Move beyond passive chatbots and discover how autonomous AI agents perceive, reason, and act in the real world by connecting to custom data and external tools.
In this comprehensive presentation and workshop guide, Patrick Eichler (Cloud Architect & SRE at YunaCloud) breaks down the massive ecosystem required to build production-grade AI agents. Whether you are looking to automate data analytics, streamline software development, or build a personalized AI assistant, this deck provides both the theoretical foundation and the practical code architecture to get started.
Key Topics Covered:
- The Anatomy of an Agent: Understanding the shift from "Talkers" to "Doers" and the four core pillars of autonomous systems: The Brain (LLMs), Memory, Planning, and Tools.
- The ReAct Loop: How agents continuously operate using the Reasoning + Acting pattern (Think, Act, Observe) to achieve complex goals.
- Retrieval-Augmented Generation (RAG): Transforming LLMs from a "closed-book" state to an "open-book" system. Learn the pipeline of document chunking, text embeddings, and vector database retrieval to ground AI responses and prevent hallucinations.
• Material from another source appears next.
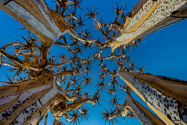 Árvore-aljava (Namíbia). Essa espécie de aloe (Aloe dichotoma) com folhas pontiagudas, típica da Namíbia e da África do Sul, toma o nome do costume dos bosquímanos de usar os seus ramos e as suas folhas para produzir aljavas para as flechas. A polpa dos troncos é retirada e usada para conter as armas, e também a comida. Sua madeira é porosa e mantém uma temperatura fresca em seu interior. Algumas espécies de pássaros também apreciam a forma pontiaguda das folhas, e nidificam entre esses ramos, que oferecem proteção contra predadores maiores que não conseguem atingir os ninhos.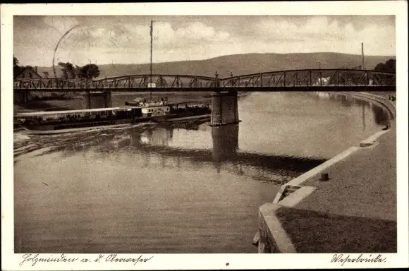 Ak Holzminden an der Weser, Weserbrücke, Weserschiff

- Model Context Protocol (MCP): A deep dive into the "USB-C for AI." Learn how this open standard solves the complex integration problem, allowing AI models to safely and standardly connect to APIs, databases, and local filesystems.
- Practical Workshop (The Autonomous Study Buddy): A step-by-step walkthrough on building a local AI agent using Node.js, the Gemini API, and Docker (for Redis persistent memory).
- Production Security & Guardrails: Real-world challenges like unintended loops, compounding errors, and over-permissioning, and how to solve them using observability, human-in-the-loop designs, and enterprise tools like GCP Model Armor.
Perfect For: Cloud architects, software developers, and AI enthusiasts looking to bridge the gap between basic generative AI and autonomous, tool-wielding agentic workflows.